This notebook is inspired to the Stable Baselines3 tutorial available at [https://github.com/araffin/rl-tutorial-jnrr19](https://github.com/araffin/rl-tutorial-jnrr19).


## Introduction

In this notebook, we will learn how to build a customized environment with **Open AI Gym**.

### Links

Open AI Gym Github: [https://github.com/openai/gym](https://github.com/openai/gym)

Open AI Gym Documentation: [https://www.gymlibrary.ml](https://www.gymlibrary.ml)

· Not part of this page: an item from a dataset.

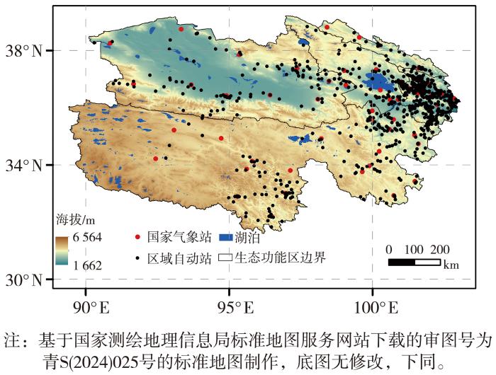 选取青海省55个国家气象站、753个区域自动站(图1)2021—2023年地表温度数据,用于构建地表温度机器学习模型;选取青海省东部农业区2023年7月上旬至8月中旬以及玉树藏族自治州通天河流域2023年8月降水量数据,用于评估地表温度集成学习模型的反演性能。以上数据来源于气象大数据云平台。

Stable Baselines 3 Github:[https://github.com/DLR-RM/stable-baselines3](https://github.com/DLR-RM/stable-baselines3)

Stable Baseline 3 Documentation: [https://stable-baselines3.readthedocs.io/en/master/](https://stable-baselines3.readthedocs.io/en/master/)

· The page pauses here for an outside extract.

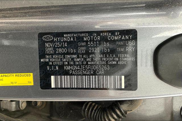 Clean CARFAX. Certified. Empire State Gray 2015 Hyundai Genesis 3.8 AWD 8-Speed Automatic with SHIFTRONIC 3.8L V6 DGI DOHC Dual CVVTHomer Skelton is committed to meeting your automotive needs with speed flexibility and friendly customer service.Certification Program Details: ENGINE: All internally lubricated parts. Engine block head(s) and intake/exhaust manifolds if damaged as a result of the mechanical failure of an internally lubricated part. Fuel pump and water pump. Fluids seals/gaskets only when required with the replacement of a covered component(s)/part(s). TRANSMISSION/TRANSFER CASE: All internally lubricated parts. Gear cases and housings if damaged as the result of the mechanical failure of an internally lubricated part. Torque converter vacuum modulator valve. Fluids seals/gaskets only when required with the replacement of a covered component(s)/part(s). DRIVE AXLE: All internally lubricated parts. Gear cases and housings if damaged as the result of the mechanical failure of an internally lubricated part. Axle shafts and bearings C.V. and universal joints propeller shafts. Fluids seals/gaskets only when required with the replacement of a covered component(s)/parts(s). PLUS...24-HOUR EMERGENCY ROADSIDE SERVICE Provides towing assistance; dead battery service; flat tire assistance; fuel oil and water delivery service; and lockout service expenses up to $50 per occurrence for 12 months from the vehicle sale date.Option Group 03 Signature Package 02 (Auto-Dimming Outside Mirrors Blind Spot Detection System HID Headlights w/Auto-Leveling Integrated Memory System (IMS) Parking Guidelines Power Heated/Cooled Front Bucket Seats Power Rear Sunshade Power Tilt-and-Slide Panoramic Sunroof Power Tilt-and-Telescopic Steering Wheel and Radio: AM/FM/HD/SiriusXM/CD/DVD/MP3 Audio System) Technology Package 03 (7"" TFT LCD Cluster Display Automatic Emergency Braking (AEB) Electronic Parking Brake w/Automatic Vehicle Hold Front & Rear Parking Assistance System Haptic Feedback Steering Wheel High Beam Assist Lane Departure Warning System (LDWS) Lane Keep Assist Power Heated & Cooled Front Bucket Seats Pre-Safe ty Seatbelt Smart Cruise Control and Ultra-Premium Leather Seating Surfaces) 4-Wheel Disc Brakes 7 Speakers ABS brakes Air Conditioning All Weather Floor Mats Alloy wheels AM/FM radio: SiriusXM Anti-whiplash front head restraints Auto-dimming Rear-View mirror Automatic temperature control Bodyside moldings Brake assist Bumpers: body-color CD player Compass Delay-off headlights Driver door bin Driver vanity mirror Dual front impact airbags Dual front side impact airbags Electronic Stability Control Emergency communication system: Blue Link Exterior Parking Camera Rear First Aid Kit Four wheel independent suspension Front anti-roll bar Front Bucket Seats Front Center Armrest w/Storage Front dual zone A/C Front reading lights Fully automatic headlights Garage door transmitter: HomeLink Heated door mirrors Heated front seats Heated rear seats Heated steering wheel Illuminated entry Knee airbag Leather Seating Surfaces Leather steering wheel Low tire pressure warning Navigation System Occupant sensing airbag Option Group 02 Outside temperature display Overhead airbag Overhead console Panic alarm Passenger door bin Passenger vanity mirror Power door mirrors Power driver seat Power Heated Front Bucket Seats Power passenger seat Power steering Power windows Radio: AM/FM/SiriusXM/HD/CD/MP3 Audio System Rain sensing wipers Rear anti-roll bar Rear Bumper Applique Rear reading lights Rear seat center armrest Rear side impact airbag Rear window defroster Remote keyless entry Security system Speed control Speed-sensing steering Speed-Sensitive Wipers Steering wheel mounted audio controls Tachometer Telescoping steering wheel Tilt steering wheel Traction control Trip computer Turn signal indicator mirrors Variably intermittent wi

## Install Dependencies and Stable Baselines3 Using Pip

In [None]:
!apt-get install ffmpeg freeglut3-dev xvfb  # For visualization
!pip install stable-baselines3[extra]

In [None]:
import stable_baselines3
stable_baselines3.__version__

## Evaluation

A helper function to evaluate policies.

In [None]:
def evaluate(env, policy, gamma=1., num_episodes=100):
    """
    Evaluate a RL agent
    :param env: (Env object) the Gym environment
    :param policy: (BasePolicy object) the policy in stable_baselines3
    :param gamma: (float) the discount factor
    :param num_episodes: (int) number of episodes to evaluate it
    :return: (float) Mean reward for the last num_episodes
    """
    discounter = 1.
    all_episode_rewards = []
    for i in range(num_episodes): # iterate over the episodes
        episode_rewards = []
        done = False
        obs = env.reset()
        while not done: # iterate over the steps until termination
            action, _ = policy.predict(obs)
            obs, reward, done, info = env.step(action)
            episode_rewards.append(reward * discounter) # compute discounted reward
            discounter *= gamma

        all_episode_rewards.append(sum(episode_rewards))

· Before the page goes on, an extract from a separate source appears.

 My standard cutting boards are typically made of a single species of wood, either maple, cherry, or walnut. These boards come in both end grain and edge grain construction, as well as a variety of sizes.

    mean_episode_reward = np.mean(all_episode_rewards)
    std_episode_reward = np.std(all_episode_rewards) / np.sqrt(num_episodes - 1)
    print("Mean reward:", mean_episode_reward, 
          "Std reward:", std_episode_reward,
          "Num episodes:", num_episodes)

    return mean_episode_reward, std_episode_reward

## Plotting

A helper function to plot the learning curves.

In [None]:
import matplotlib.pyplot as plt


def plot_results(results):
    plt.figure()
    
    for k in results.keys():
        data = np.load(results[k] + '/evaluations.npz')
        ts = data['timesteps']
        res = data['results']
        _mean, _std = res.mean(axis=1), res.std(axis=1)

        plt.plot(ts, _mean, label=k)
        plt.fill_between(ts, _mean-_std, _mean+_std, alpha=.2)
        
    plt.xlabel('Timesteps')
    plt.ylabel('Average return')
    plt.legend(loc='lower right')
    
    plt.show()

## The Minigolf Environment

The `Minigolf` environment models a simple problem in which the agent has to hit a ball on a green using a putter in order to reach the hole with the minimum amount of moves. 

* The green is characterized by a **friction** $f$ that is selected uniformly random at the beginning of each episode in the interval `[0.065, 0.196]` and does not change during the episode. 
* The **position** of the ball is represented by a unidimensional variable $x_t$ that is initialized uniformly random in the interval `[1,20]`. The observation is made of the pair $s_t = (x_t,f)$. 
* The **action** $a_t$ is the force applied to the putter and has to be bounded in the interval `[1e-5,5]`. Before being applied the action is subject to a Gaussian noise, so that the actual action $u_t$ applied is given by:

$$
u_t = a_t + \epsilon \qquad \text{where} \qquad \epsilon \sim \mathcal{N}(0,\sigma^2),
$$
where $\sigma =0.1$. The movement of the ball is governed by the kinematic law:

$$
x_{t+1} = x_{t} - v_t \tau_t + \frac{1}{2} d \tau_t^2
$$

where:
* $v_t$ is the velocity computed as $v_t = u_t l$,
* $d$ is the deceleration computed as $d = \frac{5}{7} fg$,
* $\tau_t$ is the time interval computed as $\tau_t = \frac{v_t}{d}$. 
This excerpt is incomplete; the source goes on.